Information provided -
* * * * * * *

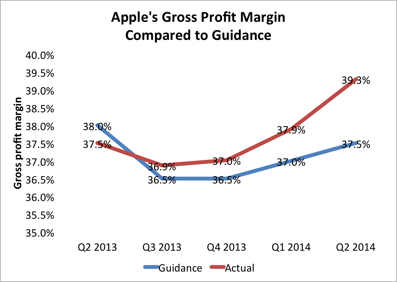 Going into Apple's fiscal third-quarter earnings report, Apple has guided for another year-over-year gain for its gross profit margin. Apple expects gross margin to come in somewhere between 37% and 38%. Last year, Apple recorded a gross profit margin of 36.9%. Notably, however, Apple has beaten its guidance midpoint for gross profit margin by 40 basis points or more in the past four quarters in a row. To top it off, Apple has been beating its gross profit margin guidance more considerably in the past two quarters.
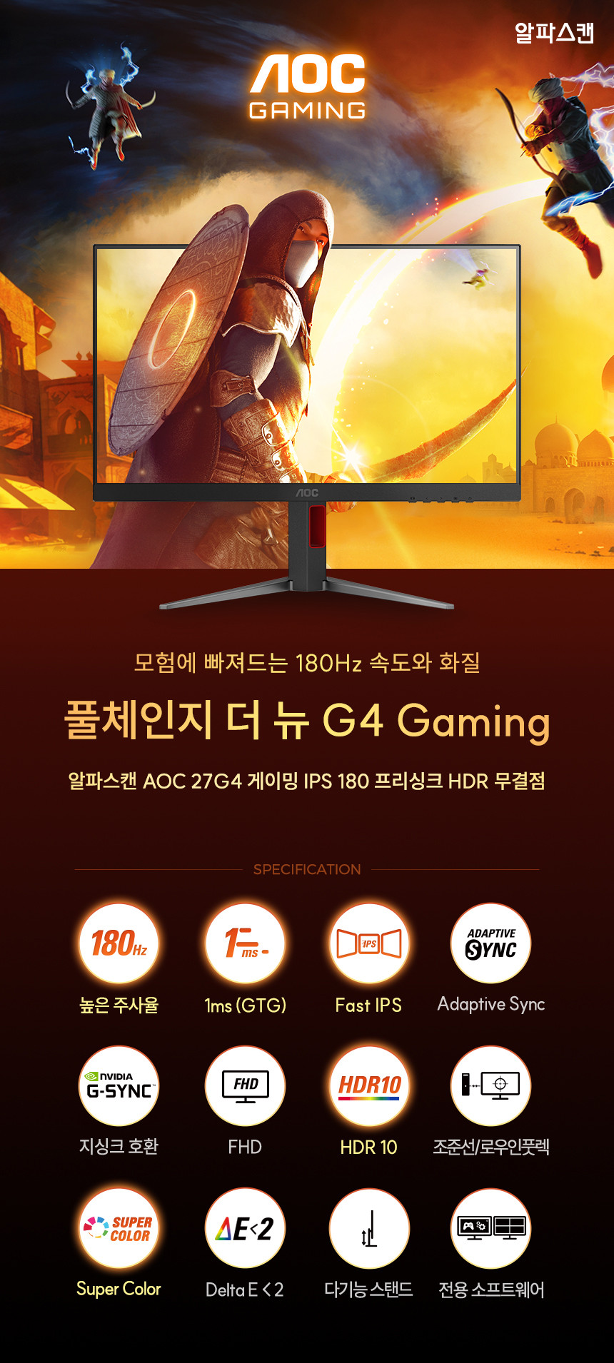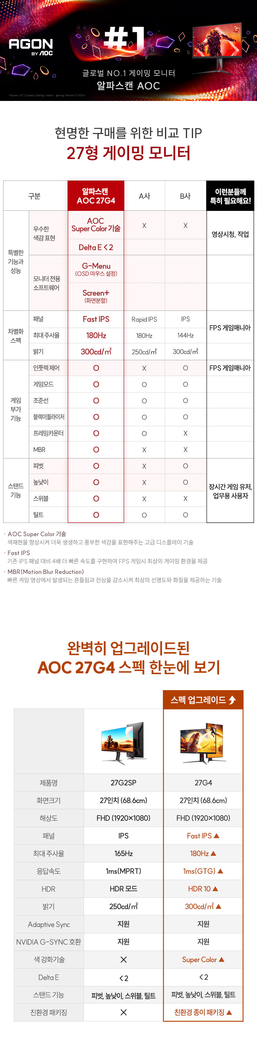 게이밍 모니터 추천 180Hz 가성비 굿 27인치 알파스캔 AOC 27G4
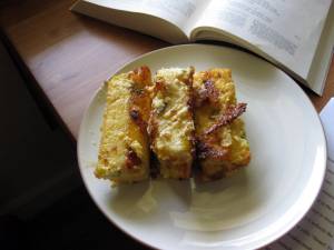 As good as it was fresh out of the oven, I admit that my reasons for making this dish again so soon after our party were really all about the leftovers. What’s better than jalapeno cheese grits casserole, steaming and flecked with chiles and strings of cheese? Jalapeno cheese grits casserole cut into fingers just out of the refrigerator, and fried in a pan of sizzling butter. Yes, I fried them.

* * * * * * *

Work instruction - Everything in the material above should be reproduced exactly, except the pictures.

Exercise result -
 Going into Apple's fiscal third-quarter earnings report, Apple has guided for another year-over-year gain for its gross profit margin. Apple expects gross margin to come in somewhere between 37% and 38%. Last year, Apple recorded a gross profit margin of 36.9%. Notably, however, Apple has beaten its guidance midpoint for gross profit margin by 40 basis points or more in the past four quarters in a row. To top it off, Apple has been beating its gross profit margin guidance more considerably in the past two quarters.
 게이밍 모니터 추천 180Hz 가성비 굿 27인치 알파스캔 AOC 27G4
 As good as it was fresh out of the oven, I admit that my reasons for making this dish again so soon after our party were really all about the leftovers. What’s better than jalapeno cheese grits casserole, steaming and flecked with chiles and strings of cheese? Jalapeno cheese grits casserole cut into fingers just out of the refrigerator, and fried in a pan of sizzling butter. Yes, I fried them.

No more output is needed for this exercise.